秋田難聴者・中途失聴者協会 第7回秋田市支部総会が行われました。
●平成28年4月17日(日)秋田県社会福祉会館にて、秋田県難聴者・中途失聴者協会(永井真悟会長) 第7回秋田市支部(足利支部長)総会が開催されました。当日は、秋田市新庁舎の記念式典があり、遅れての出席となりました。私の挨拶の中で、本年4月1日から施工された「障害者差別解消法」についてお話しさせて頂きました。
●障害者差別解消法は、障がい者の意思をしっかりと受け止めるための意思決定支援や地域協議会の設置、相談支援体制の整備など障がい者の尊厳と権利を義務付けた総仕上げの法整備といえ、国の行政機関や自治体、民間事業者に対して、障がいを理由とした不当な差別を禁止するものであり、障がい者であることのみを理由に、商品やサービスの提供を拒否や制限するなど、障がい者の権利を侵害してはならないことが法的に義務付けられました。また、この法律では行政機関や民間事業者に対し、社会的障壁の除去という『合理的配慮』を求めており、具体的には車いす用のスロープの設置、筆談や読み上げ、手話や点字による表示などが該当します。国や自治体、国立大学などにはこの合理的な配慮の提供が義務付けられ、民間の事業者には努力義務となっております。同法は、政府は差別解消のための基本方針を策定するものとし、差別を繰り返し、改善が見られない事業者に対しては、国は報告を求め、指導や勧告をすることができるとしています。同法の施行で障がい者の環境が大きく変わると言えます。

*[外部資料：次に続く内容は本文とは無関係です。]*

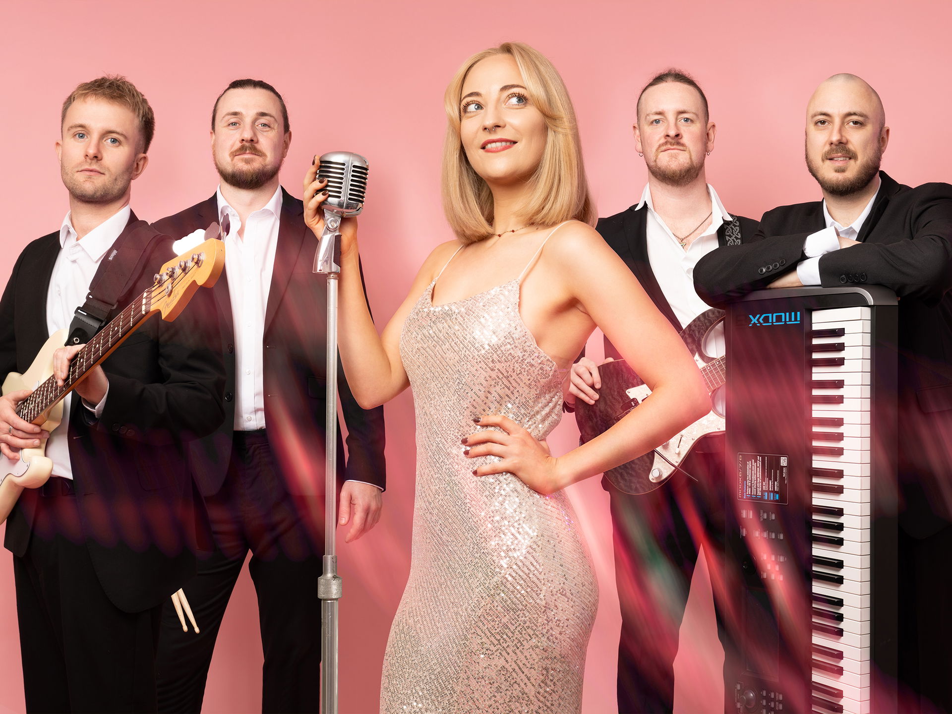 5 Piece Band: Female Vocals, Keys/Backing Vocals, Guitar/Backing Vocals, Bass/Keys, Drums.
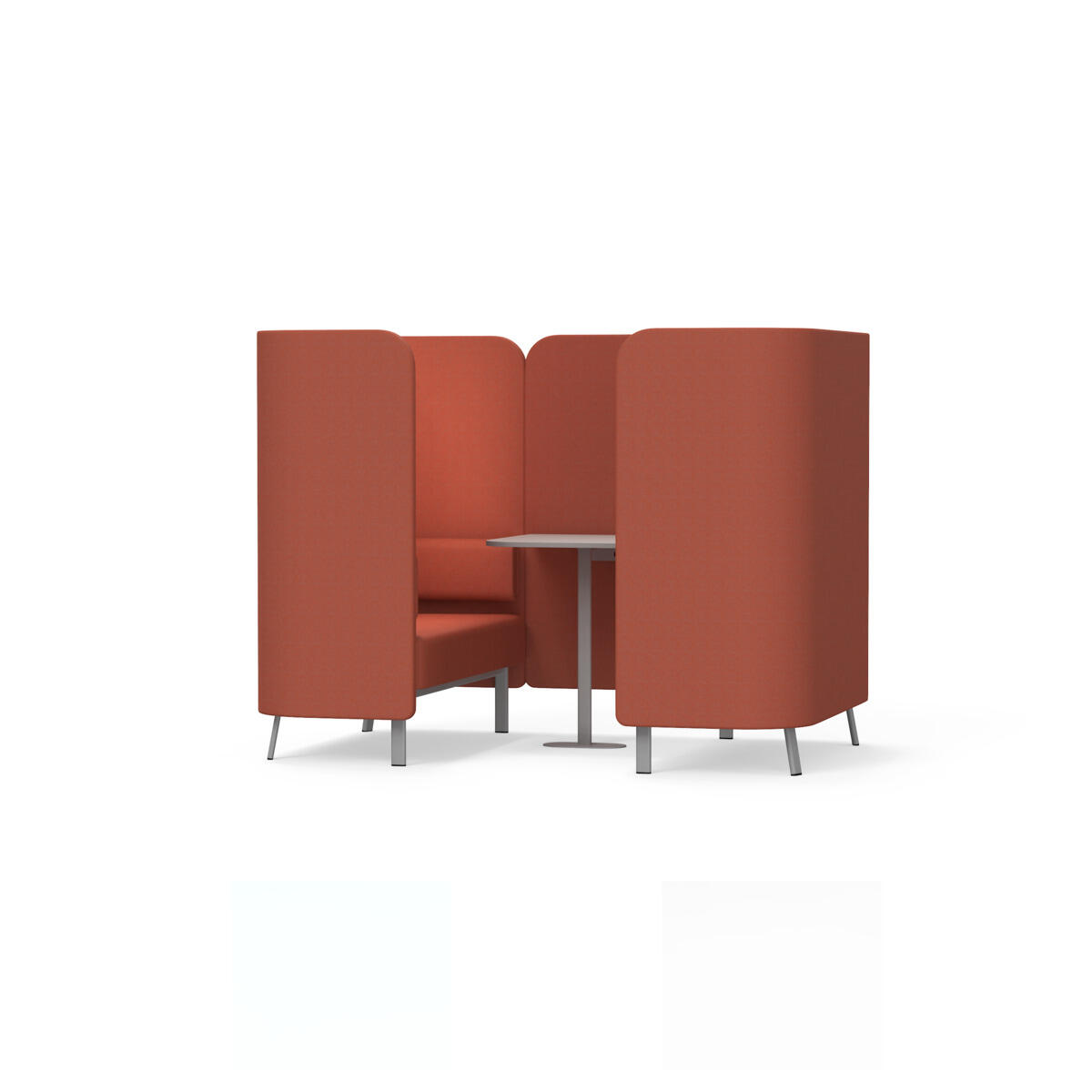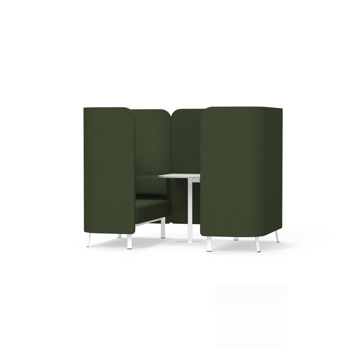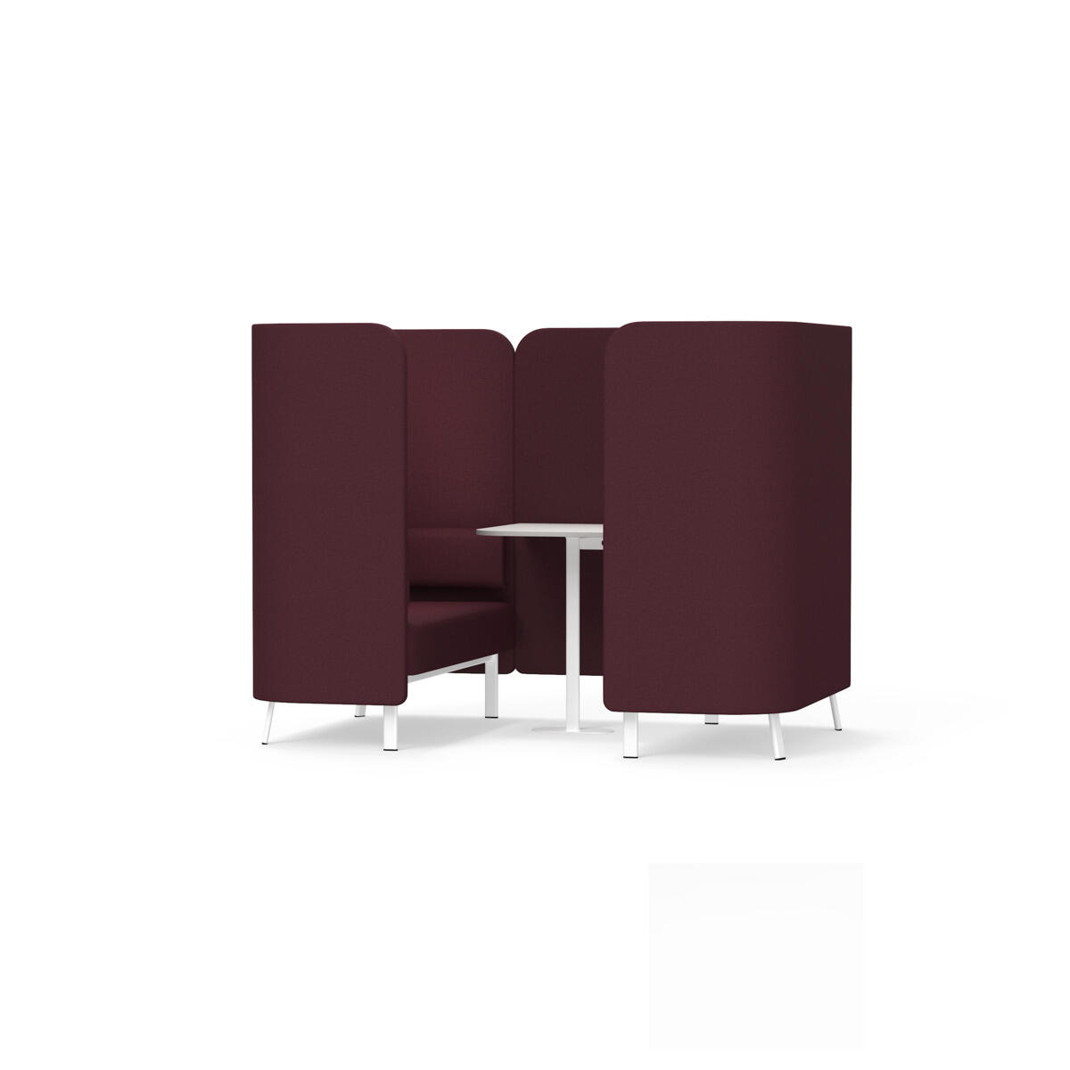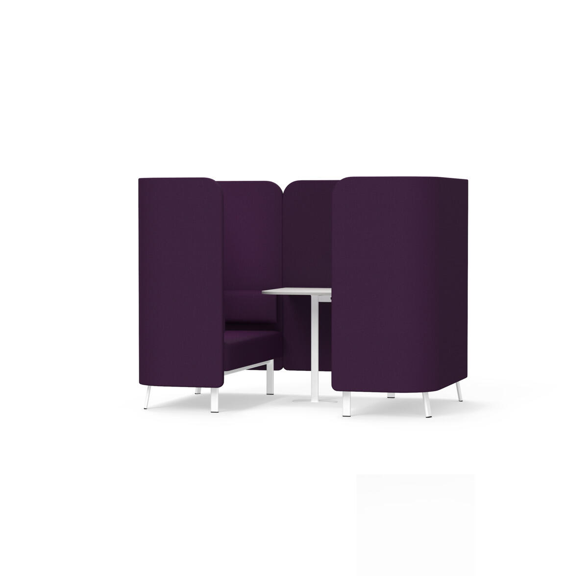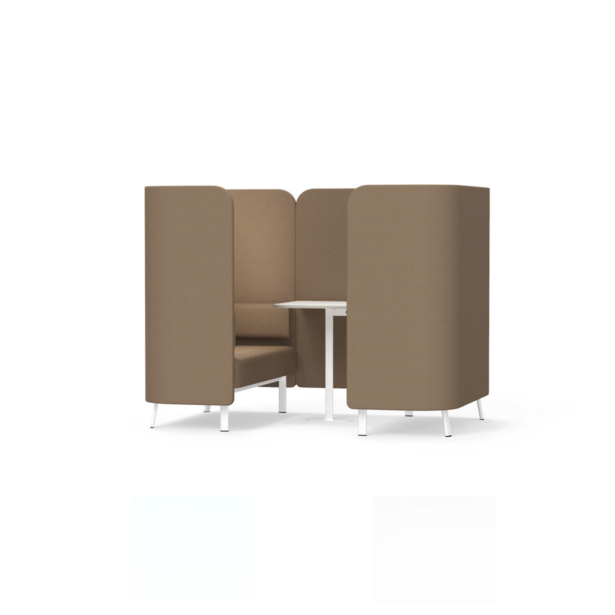 Omsluttende sofa som, takket være sine høye sider, har en lyddempende og avskjermende effekt, noe som gjør den egnet for for eksempel gruppemøter, samarbeid eller egentid i et dempet miljø. De høye veggene gir avskjerming fra resten av rommet. Bord med laminatplate L125×D64×H74 cm; fargen på bordplaten følger fargen på bena. Trestamme og stopping i kaldskum. Ben i pulverlakkert metall.

●秋田県では、本年10月に「秋田県聴覚障害者支援センター」開設が計画され、また、3月25日に県観光連盟により誰もが安心して旅行が楽しめるなど高齢者や障がい者へ県内の宿泊施設等の情報提供や相談窓口の「バリアフリーツアーセンター」が県第二庁舎内にオープンするなど、障がい者を取り巻く環境が整備が進んでおります。しかし、「耳マーク」認知度向上・普及促進や職員採用試験、火災報知器助成等まだまだ課題が山積しております。今後も足利支部長はじめ秋田県難聴者・中途失聴者協会、秋田市支部の皆様と一緒にさらなる環境整備、課題解決に向け取り組んでまいります。